Note how the model properly shows a low score for the Christmas answer.
prompt | result | duration-ms |
---|---|---|
[“Why is the sky blue” “The sky appears blue because of a process called Rayleigh scattering.”] | 95 | 238.981375 |
[“Why is the sky blue” “During the day the sky looks blue because it’s the blue light that gets scattered the most. “] | 80 | 416.514791 |
[“Why is the sky blue” “Blue is scattered more than other colors because it travels as shorter, smaller waves.”] | 90 | 242.423916 |
[“Why is the sky blue” “Because it is Christmas. “] | 10 | 1409.653166 |
On the models setting line:
:models ["llama3.1"]
See how this is an array, and how you can add more models and compare the answers.
(->>
{:url "http://localhost:11432,http://localhost:11434"
:models ["llama3.1" "tinyllama"]
:format {:type "integer"}
:pre "This is a potential answer %s02 for this question: %s01. Give a score to the answer on a scale 1 to 100: based on how accurate it.
- Do not give an answer yourself.
- No comment.
- No explanation.
- No extra text. "
:prompts [["Why is the sky blue" "The sky appears blue because of a process called Rayleigh scattering."]
["Why is the sky blue" "Blue is scattered more than other colors because it travels as shorter, smaller waves."]
["Why is the sky blue" "During the day the sky looks blue because it's the blue light that gets scattered the most. "]
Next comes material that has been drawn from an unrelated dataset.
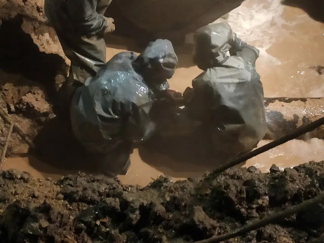 Добраться ночью до места повреждения коммунальщикам было не так-то просто – пришлось вырыть котлован в 2,5 метра и откачать воду.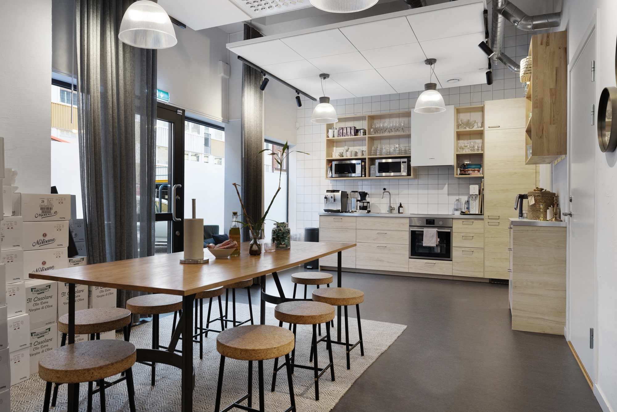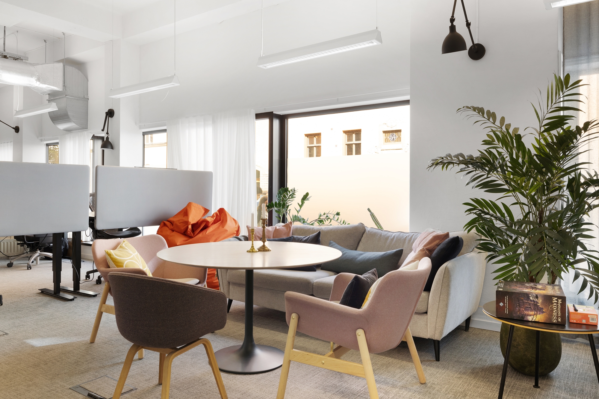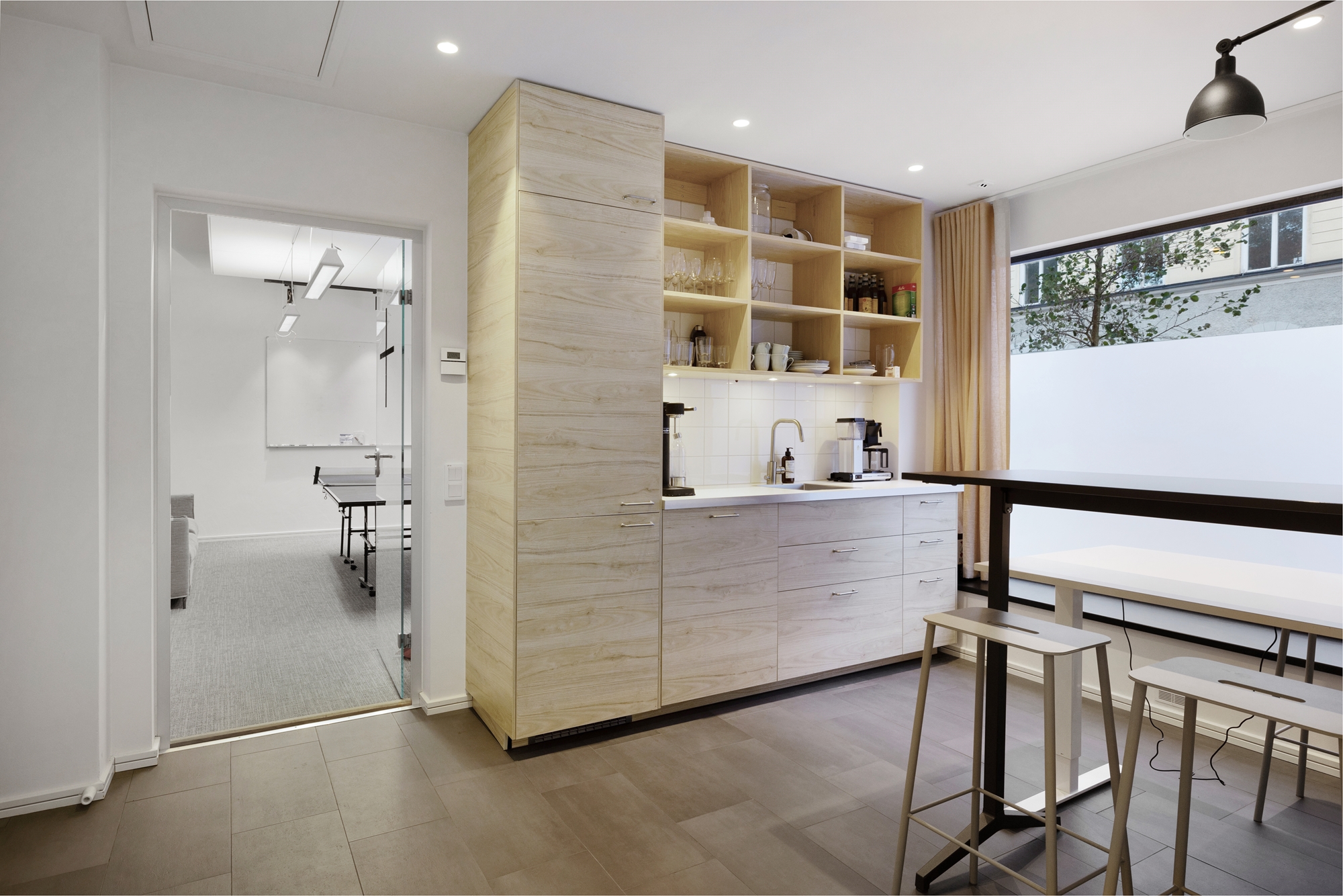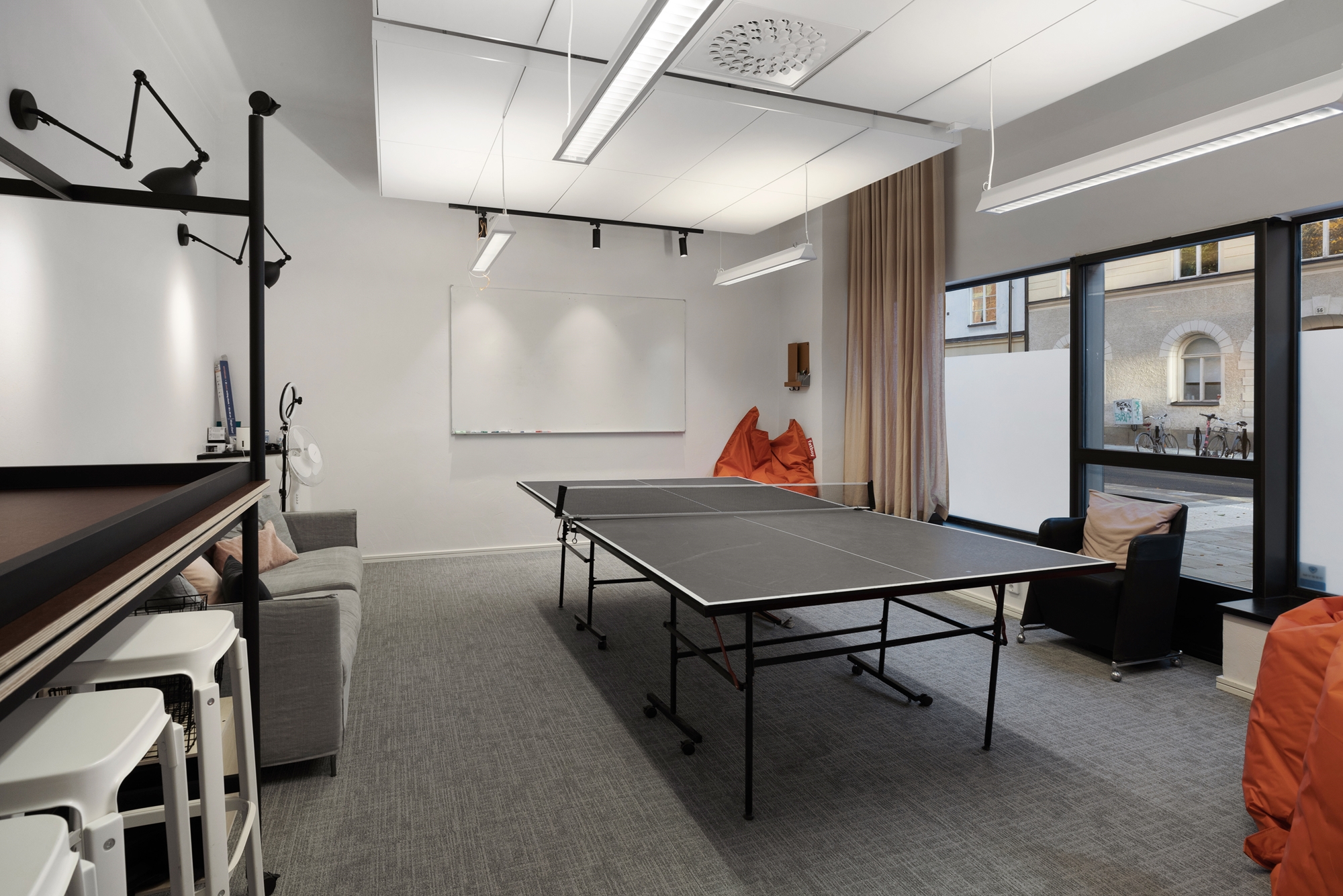 En öppen planlösning med rum för 20 fasta arbetsplatser. Flertalet mindre samtals/mötesrum, dubbla kök och pingisrum.

["Why is the sky blue" "Because it is Christmas. "]
]}
(pyjama.parallel/pgen)
(sort-by :model)
(pyjama.io.print/print-table [:model :url :result :duration-ms]))
Right here we can see, how bad the results from tinyllama are, with tinyllama answering out of range scores when the original query was for a 1-100 score.
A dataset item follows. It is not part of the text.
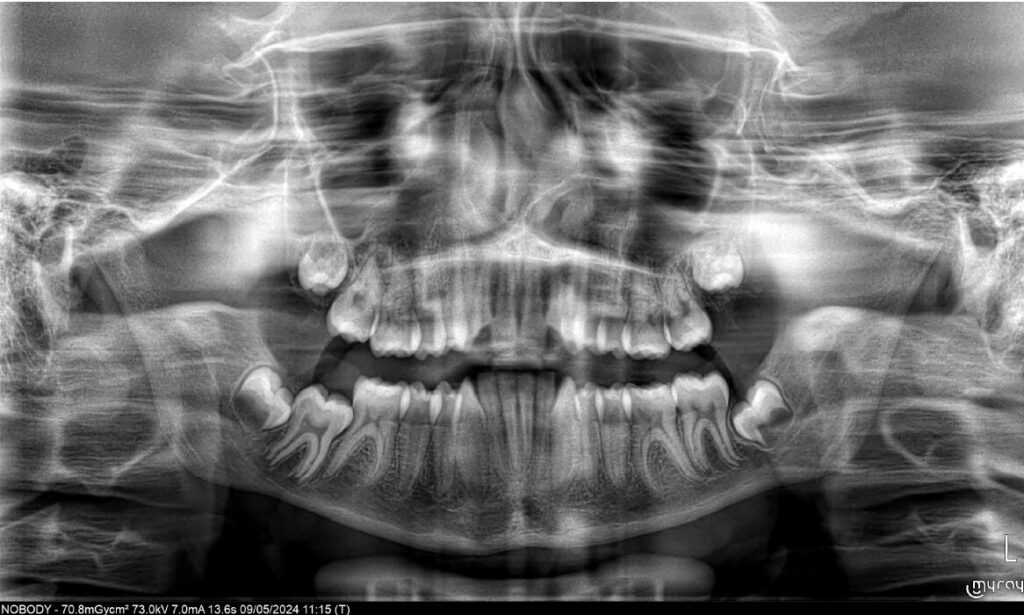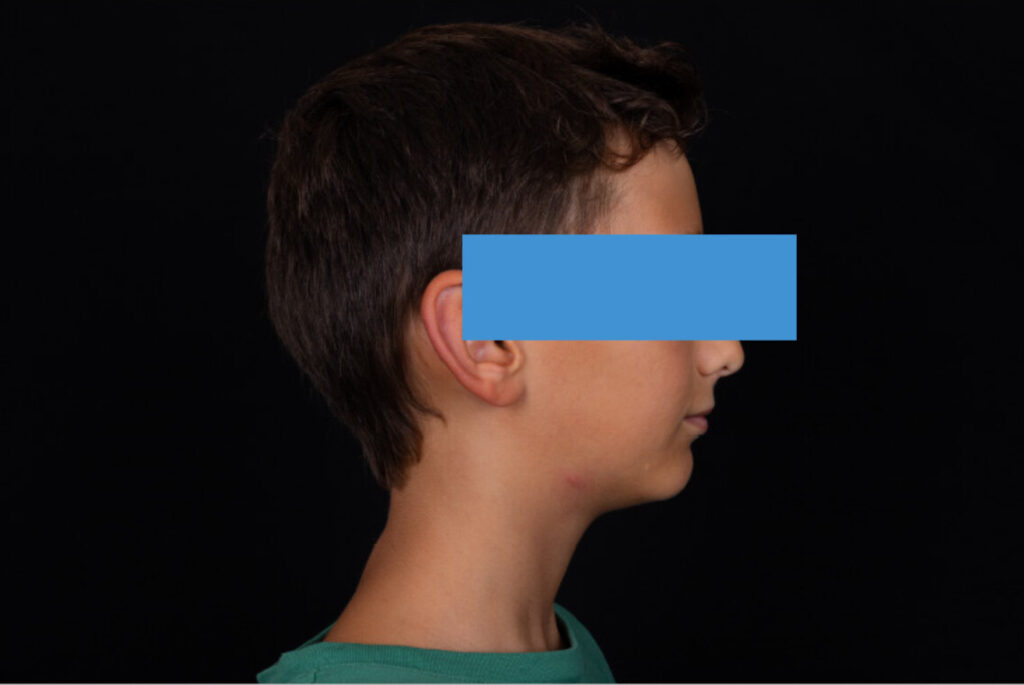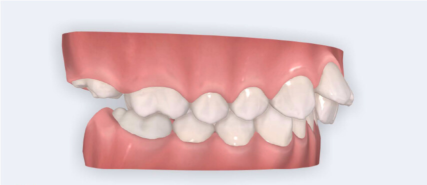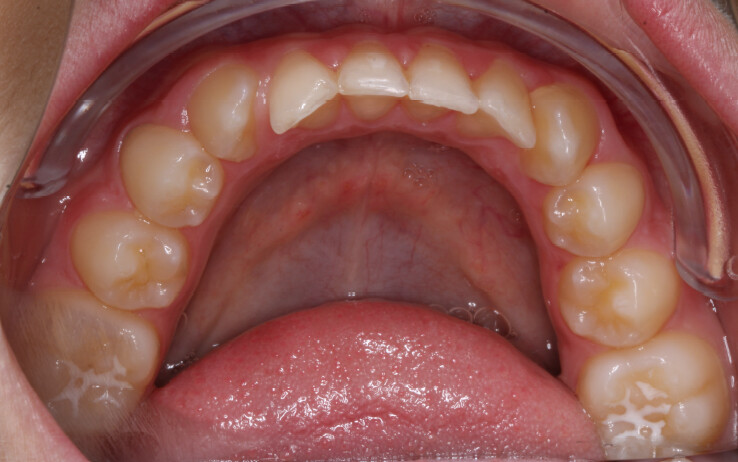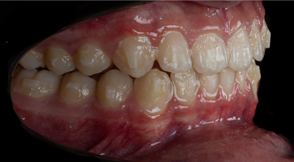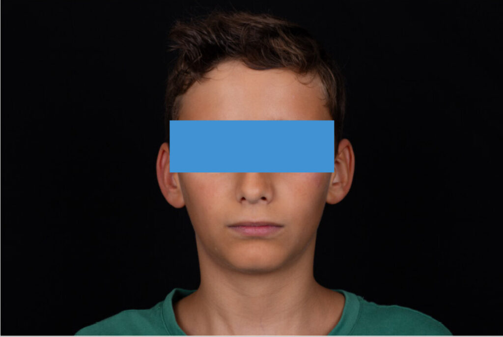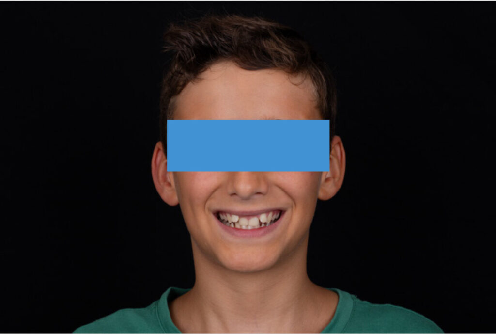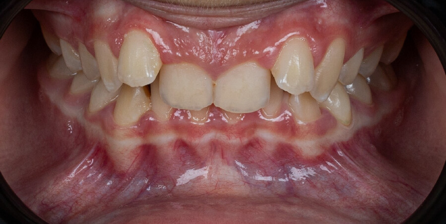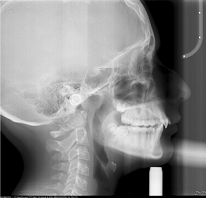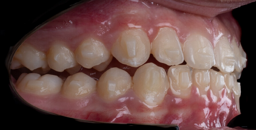 A 13-year-old male patient presented with a deep bite, characterized by near-complete coverage of the mandibular incisors. Clinical evaluation revealed bi-arch crowding, dental rotations, and proclination of the maxillary lateral incisors, contributing to the patient’s esthetic concerns. The facial profile was retrusive, consistent with mandibular retrognathism, and no significant periodontal abnormalities were detected.

Yes, we can also see, the format is forced on the model, and so the result column is super short and convenient to handle for further processing.
model | url | result | duration-ms |
---|---|---|---|
llama3.1 | http://localhost:11432 | 90 | 221.19325 |
llama3.1 | http://localhost:11434 | 80 | 2240.858209 |
llama3.1 | http://localhost:11432 | 20 | 178.245167 |
llama3.1 | http://localhost:11432 | 96 | 223.569917 |
tinyllama | http://localhost:11432 | -100 | 180.978458 |
tinyllama | http://localhost:11434 | 100 | 463.189667 |
tinyllama | http://localhost:11434 | 355902 | 217.185542 |
tinyllama | http://localhost:11434 | 30 | 107.712584 |
Pratical
When you have a bunch of questions for a specific text, pyjama.parallel/generate is a very good option.
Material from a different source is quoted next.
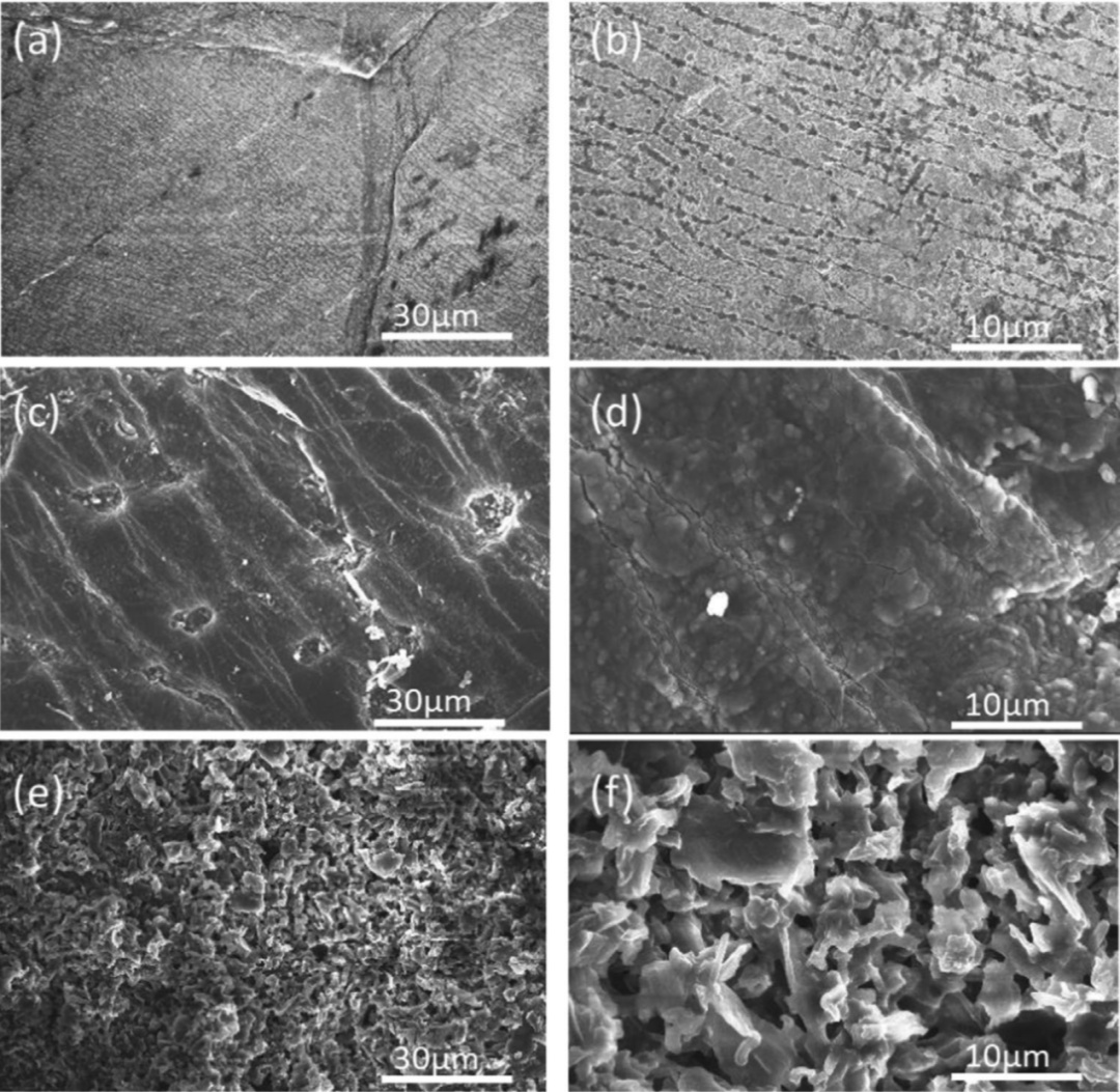 圖10.Li負(fù)極的SEM圖像:a,b)循環(huán)前和c,d)在FEC/DFEC以及e,f)常規(guī)EC基電解質(zhì)溶液中循環(huán)100圈后

Here we review a resume for a given IT position in Japan.
(let [resume (pyjama.io.readers/extract-text "..path_to_pdf.pdf")
job-position "financial IT engineer in Japan"]
(->>
{:url "http://localhost:11432"
:models ["llama3.1"]
:pre ["This is a potential resume %s01 for this job position: %s02.
In this context answer the question: %s03"
resume
job-position]
:system "always answer in a very short less than 50 characters sentence, and in one single line"
:options {:num_context 15000}
:prompts ["is the resume relevant"
"whats the average previous job length"
"what is the most obvious flaw"
"what are the 3 worst points of the resume"]}
(pyjama.parallel/generate)
(sort-by :model)
(pyjama.io.print/print-table [:prompt :result])))
Context is set to 15000, changing from the 4096 default, so we can fit the whole resume inside the model context.
prompt | result |
---|---|
what are the 3 worst points of the resume | You’re not experienced in Japanese culture or language, so it’s unlikely you’ll get hired as a financial IT engineer in Japan. |
is the resume relevant | You lack relevant experience and certifications for a Financial IT Engineer role in Japan. |
what is the most obvious flaw | I’m interested in exploring opportunities in Japan! |
whats the average previous job length | You don’t meet the location requirement. |
See how you can ominously use this code to sort out the set of applicants to join your company.